States also recognized the importance of improved data collection, and have committed to enhanced international cooperation in this regard. Collectively, we need to improve the quality of data available on children on the move. This is necessary to improve policy development, programming, and the achievement of solutions.

These commitments – and others set out in the Declaration – provide an important platform for our collective engagement in enhancing protection and solutions for children on the move. With respect to refugees, a comprehensive refugee response framework – the CRRF – was annexed to the Declaration, which UNHCR has been asked to work to apply in a number of operations.

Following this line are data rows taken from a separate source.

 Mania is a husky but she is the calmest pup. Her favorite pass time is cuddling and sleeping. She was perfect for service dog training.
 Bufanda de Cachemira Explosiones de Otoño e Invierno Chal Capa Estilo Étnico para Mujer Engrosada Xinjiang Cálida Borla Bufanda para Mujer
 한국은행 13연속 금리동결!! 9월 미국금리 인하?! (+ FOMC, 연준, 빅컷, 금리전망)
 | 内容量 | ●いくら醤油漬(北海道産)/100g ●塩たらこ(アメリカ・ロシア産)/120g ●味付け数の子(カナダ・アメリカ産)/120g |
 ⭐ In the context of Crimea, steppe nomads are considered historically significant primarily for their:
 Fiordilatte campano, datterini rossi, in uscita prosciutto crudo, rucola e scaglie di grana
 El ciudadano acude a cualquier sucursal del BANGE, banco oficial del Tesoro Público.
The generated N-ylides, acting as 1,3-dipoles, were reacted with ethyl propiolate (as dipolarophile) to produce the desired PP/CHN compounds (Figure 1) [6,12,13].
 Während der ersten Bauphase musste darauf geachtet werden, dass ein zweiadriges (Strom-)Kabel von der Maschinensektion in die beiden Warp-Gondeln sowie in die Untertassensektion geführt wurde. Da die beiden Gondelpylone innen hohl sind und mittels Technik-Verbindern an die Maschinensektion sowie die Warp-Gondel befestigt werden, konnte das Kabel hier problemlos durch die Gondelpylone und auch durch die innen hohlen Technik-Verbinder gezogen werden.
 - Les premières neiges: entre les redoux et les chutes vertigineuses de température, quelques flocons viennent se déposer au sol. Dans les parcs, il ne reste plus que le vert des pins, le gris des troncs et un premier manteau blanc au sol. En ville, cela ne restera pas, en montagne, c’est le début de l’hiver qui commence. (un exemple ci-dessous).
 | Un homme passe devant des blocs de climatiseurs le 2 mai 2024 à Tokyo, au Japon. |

Ensuring that measures to promote protection and solutions for children will be an important aspect. Child protection must also be at the heart of the Global Compact on Refugees, which UNHCR has been asked to develop by 2018 based on the CRRF. We will ensure that the outcomes of this Dialogue contribute to the Global Compact.

Ladies and Gentlemen,

Securing protection and solutions for children on the move can only be addressed effectively through cooperation among a wide range of actors: governments, national and international organizations, civil society, the private sector, and most importantly, children themselves, and their communities.

I am particularly pleased to welcome twelve youth delegates to this year's Dialogue, many of them participants in the Global Refugee Youth Consultations organized by UNHCR and the Women’s Refugee Commission earlier this year. I would like to thank them for their participation, and especially for helping us to understand the contributions that children and young people can make to their own protection, and to securing solutions.

I look forward to rich discussions over the next day and a half, drawing on your practical experience and expertise. This Dialogue of course builds on a number of important multi-stakeholder initiatives that have generated awareness and action in relation to children on the move, including through advocacy and the development of guiding principles.

The theme for this year’s Dialogue covers a wide spectrum of issues, but let us not allow this complexity to stand in the way of action, of building on promising practices, and of identifying effective measures to ensure that, together, we can strengthen protection and bring about a real difference in the lives of children on the move.

Their experiences now are the foundations on which they will build their future. Let’s join forces to make sure that these are sound ones – built on rights, compassion, and our shared humanity.

I thank you all for joining us and look forward to our discussions.